Top of Exercise materials

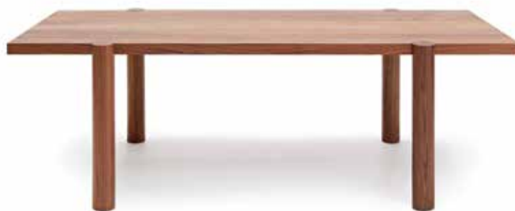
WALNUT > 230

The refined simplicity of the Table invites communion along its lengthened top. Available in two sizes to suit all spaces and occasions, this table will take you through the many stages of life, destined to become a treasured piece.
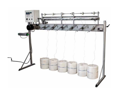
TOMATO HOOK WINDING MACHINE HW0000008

Bottom of Exercise materials
Top of Exercise materials

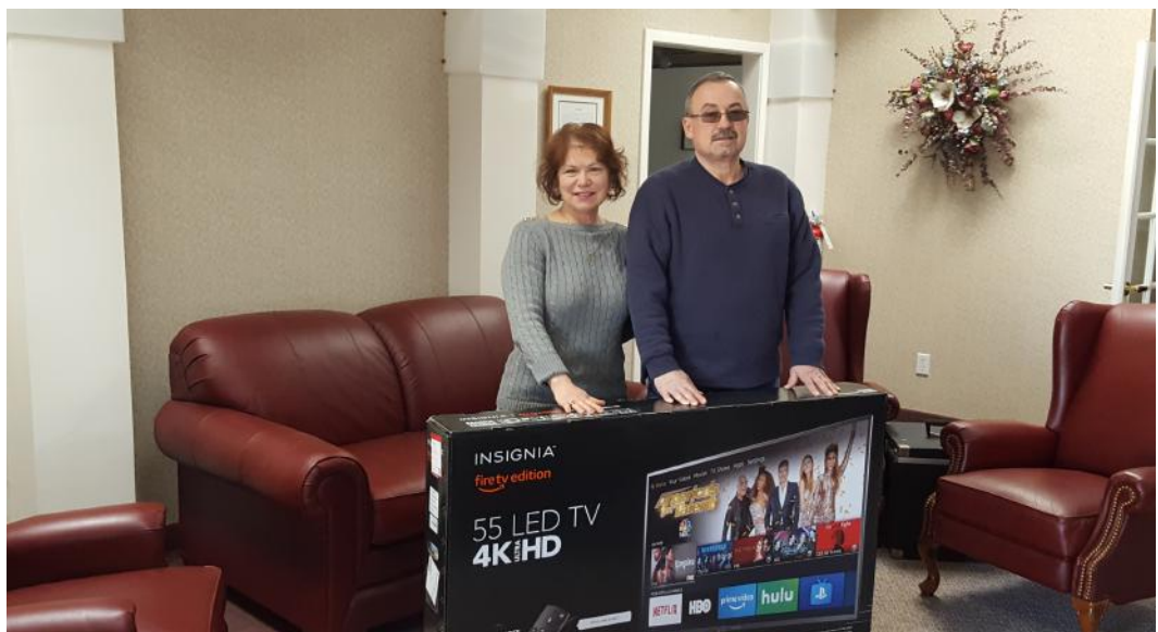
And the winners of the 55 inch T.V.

Bottom of Exercise materials
Top of Exercise materials

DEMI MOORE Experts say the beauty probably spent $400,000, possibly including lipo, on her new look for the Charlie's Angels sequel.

Bottom of Exercise materials

> [Problem to solve]: In the listing above, find the line containing "WALNUT > 230" and the line containing "TOMATO HOOK WINDING MACHINE HW0000008". Reproduce those lines and all between them exactly, with no pictures and nothing more.

> [Response area]:
WALNUT > 230

The refined simplicity of the Table invites communion along its lengthened top. Available in two sizes to suit all spaces and occasions, this table will take you through the many stages of life, destined to become a treasured piece.
TOMATO HOOK WINDING MACHINE HW0000008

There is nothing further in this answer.